Menominee, Michigan, situated far from the world’s financial centers a hundred years ago, much as it is today, nevertheless placed itself directly in the middle of one of the hottest business booms of the early twentieth century – sugar. The small community that dared to plant a footprint in world commerce occupies a slivered point of land that dips into Lake Michigan at a point so close in proximity to Wisconsin that had a cartographer’s finger twitched at a crucial moment, Menominee would be in Wisconsin instead of Michigan.

Menominee is bordered on the east by Green Bay, an arm of Lake Michigan, and on the south-west by the Menominee River. In 1903, many investors in the beet sugar industry had a timber background and had thus come to believe that the same rivers that had once delivered logs to sawmills in abundance could also serve the needs of a beet sugar factory where massive volumes of water are used for fluming beets into the factory, washing them and then diffusing the sugar from them. A sugar factory could easily put three million gallons of water to use every twenty-four hours. Barges can carry sugarbeets from the farm fields and freighters can carry products to market. The presence of the Menominee River convinced investors that Menominee could compete with the nation’s sugar producers despite negative comments from naysayers who said Menominee was too far north to successfully grow sugarbeets.

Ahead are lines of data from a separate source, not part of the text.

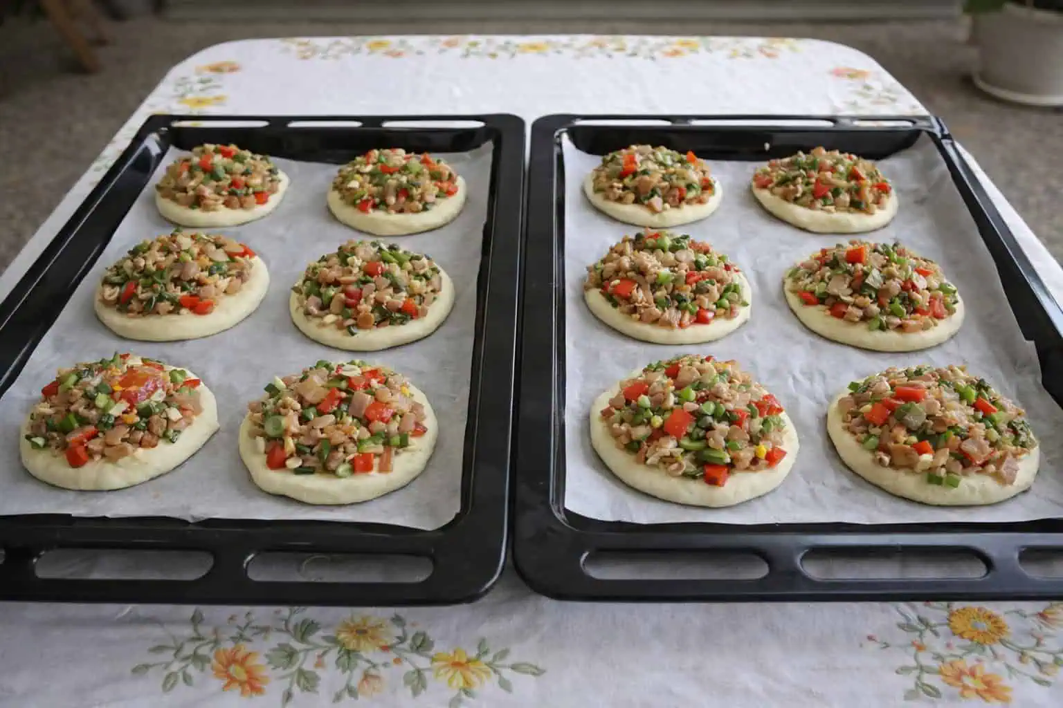 Potom guľky sploštíme a navrstvíme na každý kus lyžicu pripravenej plnky.
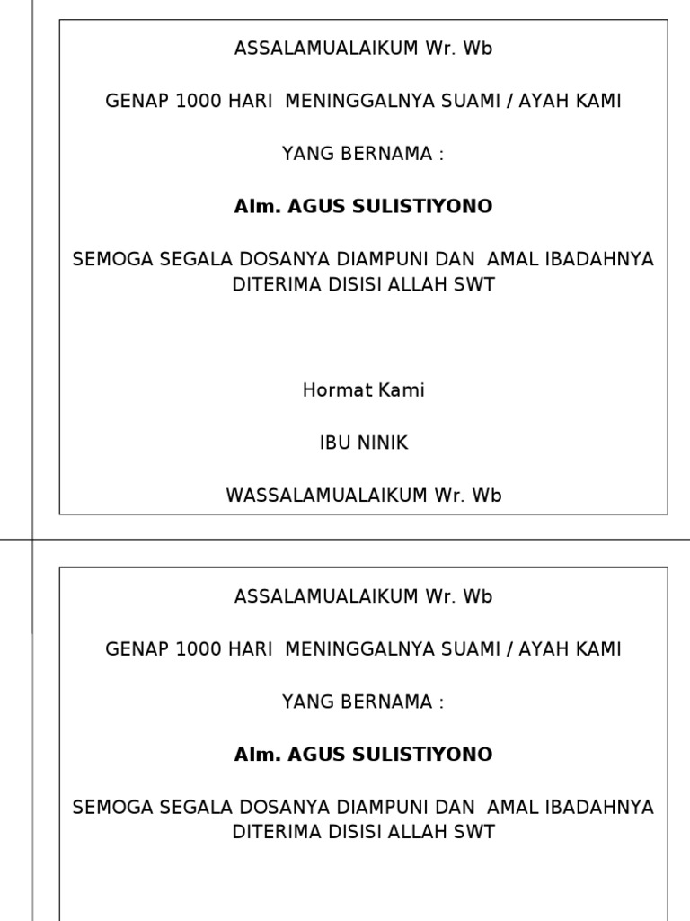 Ucapan 1000 hari meninggalnya ibu. Nek meninggalnya rebo wage mendak pindonya apa yah ada contoh ucapan tulisan di penutup box kenduri 1000hari org. Contoh surat undangan tahlil 40 100 1000 hari haulfull description. Saya kebagian tugas membuat kartu ucapan terima kasih kartu peringatan 1000 hari yang biasanya dimasukkan ke dalam nasi kotak yang dibagikan ke tetangga dan saudara.
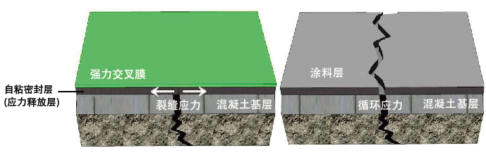 8、与混凝土密封层不窜水、不透水、交叉叠压强力膜的拉伸和抗撕裂等性能好
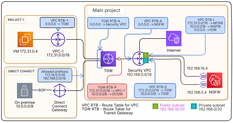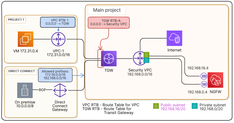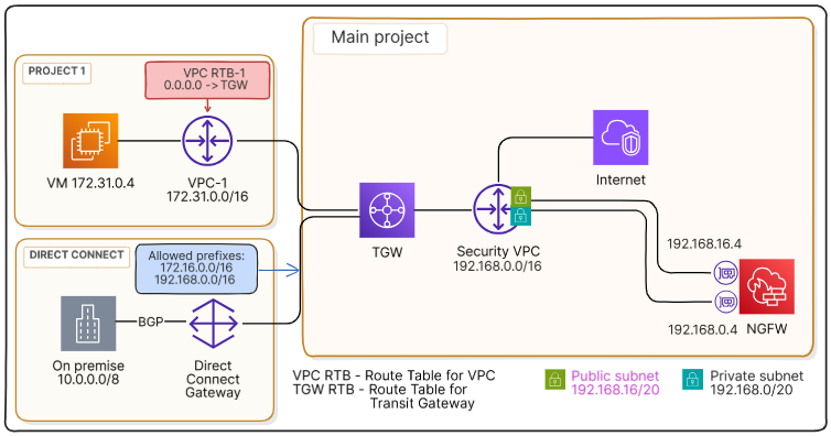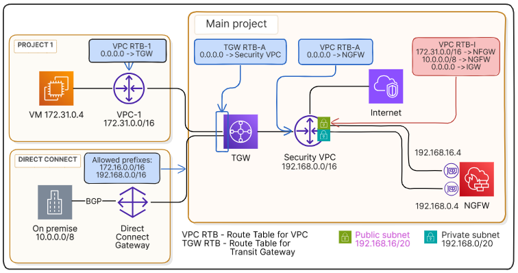 Весь трафик направляется для проверки в выделенное VPC (vpc-s, 192.168.0.0/16), в котором развёрнуто виртуальное устройство безопасности (NGFW).

The naysayers had a point. Menominee, Michigan is an unlikely place to construct a beet sugar factory. Situated at the western end of Michigan’s Upper Peninsula, the growing season is about forty days shorter than the prime beet growing regions in the state’s Lower Peninsula. The short season can prevent the ripening of beets which will then lessen sugar content of immature beets ill prepared for the stress of the milling process. Severe frosts in early spring are not unusual and are almost always fatal to a crop of young beets. Frosts can come early in the fall, too, which can make it impossible to harvest a crop. A farmer stood to lose his entire crop either early in the growing season or near the time of harvest after he had invested heavily in bringing the sugarbeet crop to term. Investors, however, in Menominee, as in many of Michigan’s cities, tended to discount input from farmers before building a factory and would frequently interpret exaggerated enthusiasm from a handful of growers as representing the broader farming community. Quite often, as in Menominee’s case, as it would turn out, the handful did not represent the whole.

Official recognition by the United States Department of Agriculture in 1898 of the importance of the sugarbeet industry sparked the construction of beet sugar factories across the nation. One year earlier the nation could boast only ten beet sugar factories, four of which were in California, one in Utah, two in Nebraska and three in New York. The construction of seven sugarbeet factories in 1898 brought into focus for the first time the stirrings of a rush not unlike the dot-com boom that blossomed nearly one hundred years later. The idea that sugar produced from sugarbeets could compete with sugar produced from sugarcane expanded into a full-fledged boom by 1900 when the nationwide count of sugarbeet factories stood at thirty-two in eleven states.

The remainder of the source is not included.